Which brings me to the topic at hand. I was recently asked to speak at the Philadelphia Society’s annual meeting on, among other things, the question of fusionism and whether it still holds as the foundation of modern American conservatism.

Fusionism was an idea championed most forcefully by Frank Meyer, the longtime literary editor of National Review. He argued that libertarianism — then often called “individualism” — and traditionalism are the twin pillars of conservatism and, more broadly, of a just and free society. The chief obligation of the state is to protect individual liberty, but the chief obligation of the individual is to live virtuously. Coerced virtue is tyrannical: Virtue not freely chosen is not virtuous. Or as Meyer himself put it: “Truth withers when freedom dies, however righteous the authority that kills it; and free individualism uninformed by moral value rots at its core and soon brings about conditions that pave the way for surrender to tyranny.”

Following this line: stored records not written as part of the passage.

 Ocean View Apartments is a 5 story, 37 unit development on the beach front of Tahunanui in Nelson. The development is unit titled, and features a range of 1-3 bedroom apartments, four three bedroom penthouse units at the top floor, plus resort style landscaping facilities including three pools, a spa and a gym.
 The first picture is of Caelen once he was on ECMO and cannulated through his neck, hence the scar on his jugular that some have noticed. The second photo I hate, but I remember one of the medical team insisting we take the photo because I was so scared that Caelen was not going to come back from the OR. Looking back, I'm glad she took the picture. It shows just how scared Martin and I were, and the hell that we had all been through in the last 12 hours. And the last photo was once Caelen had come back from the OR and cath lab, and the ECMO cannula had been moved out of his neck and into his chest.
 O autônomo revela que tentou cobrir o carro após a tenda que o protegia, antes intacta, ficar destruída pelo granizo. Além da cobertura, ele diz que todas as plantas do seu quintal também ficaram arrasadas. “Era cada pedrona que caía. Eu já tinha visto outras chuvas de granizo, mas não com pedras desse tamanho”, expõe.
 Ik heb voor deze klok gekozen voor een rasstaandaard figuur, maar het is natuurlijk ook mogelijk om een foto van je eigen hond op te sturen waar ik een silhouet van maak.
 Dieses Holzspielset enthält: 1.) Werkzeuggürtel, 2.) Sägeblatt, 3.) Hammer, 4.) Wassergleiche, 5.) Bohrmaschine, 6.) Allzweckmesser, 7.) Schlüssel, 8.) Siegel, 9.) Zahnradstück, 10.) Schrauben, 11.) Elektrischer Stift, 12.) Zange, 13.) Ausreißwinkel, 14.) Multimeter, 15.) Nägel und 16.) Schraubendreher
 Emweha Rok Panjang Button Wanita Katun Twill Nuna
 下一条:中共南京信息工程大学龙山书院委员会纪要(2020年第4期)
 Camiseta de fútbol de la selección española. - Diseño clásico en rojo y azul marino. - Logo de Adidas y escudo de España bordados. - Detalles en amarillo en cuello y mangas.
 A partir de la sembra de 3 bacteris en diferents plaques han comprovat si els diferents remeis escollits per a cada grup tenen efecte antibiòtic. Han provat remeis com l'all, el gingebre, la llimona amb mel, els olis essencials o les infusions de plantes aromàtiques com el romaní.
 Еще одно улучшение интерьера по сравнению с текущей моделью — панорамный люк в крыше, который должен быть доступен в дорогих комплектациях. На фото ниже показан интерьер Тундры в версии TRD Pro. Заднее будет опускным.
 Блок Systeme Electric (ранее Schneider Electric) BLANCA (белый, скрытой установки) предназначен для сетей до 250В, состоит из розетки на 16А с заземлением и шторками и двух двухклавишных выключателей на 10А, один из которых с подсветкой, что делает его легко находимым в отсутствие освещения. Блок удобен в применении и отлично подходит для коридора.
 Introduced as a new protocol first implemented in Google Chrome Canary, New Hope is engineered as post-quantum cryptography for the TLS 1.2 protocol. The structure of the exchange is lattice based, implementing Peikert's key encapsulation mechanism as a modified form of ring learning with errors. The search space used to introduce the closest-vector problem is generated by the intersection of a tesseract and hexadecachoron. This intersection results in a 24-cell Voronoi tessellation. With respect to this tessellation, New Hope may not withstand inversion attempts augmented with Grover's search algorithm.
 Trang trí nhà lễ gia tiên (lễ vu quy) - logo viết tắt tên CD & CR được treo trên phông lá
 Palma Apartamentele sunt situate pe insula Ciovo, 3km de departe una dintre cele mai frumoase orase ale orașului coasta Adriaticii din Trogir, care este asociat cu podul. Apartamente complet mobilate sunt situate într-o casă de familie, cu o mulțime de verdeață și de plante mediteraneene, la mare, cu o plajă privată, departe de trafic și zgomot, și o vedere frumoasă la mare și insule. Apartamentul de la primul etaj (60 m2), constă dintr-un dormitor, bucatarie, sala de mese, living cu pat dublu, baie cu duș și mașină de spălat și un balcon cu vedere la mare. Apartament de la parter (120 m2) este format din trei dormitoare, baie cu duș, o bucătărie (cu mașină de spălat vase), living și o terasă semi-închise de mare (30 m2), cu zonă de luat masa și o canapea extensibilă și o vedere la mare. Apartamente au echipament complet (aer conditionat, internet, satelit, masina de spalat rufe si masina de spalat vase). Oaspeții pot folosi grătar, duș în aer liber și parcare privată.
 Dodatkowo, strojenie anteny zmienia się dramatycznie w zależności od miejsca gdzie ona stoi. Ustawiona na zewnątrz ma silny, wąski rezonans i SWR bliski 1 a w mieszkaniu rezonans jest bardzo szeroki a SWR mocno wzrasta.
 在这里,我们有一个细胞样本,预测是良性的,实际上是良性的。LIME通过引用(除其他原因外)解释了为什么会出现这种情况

Now I largely agree with this. But as both a philosophical and a prudential matter, we understand — just as Meyer did to some extent — that freedom is a concept with limits, that each principle must be circumscribed at the extremes by other important principles. A society where literally everything is permitted isn’t free except according to some quasi-Hobbesian or fully Rousseauian or Randian theory about the freedom inherent in a state of nature or an anarcho-capitalist utopia. Some forms of authority must be morally permissible, even to the lover of liberty.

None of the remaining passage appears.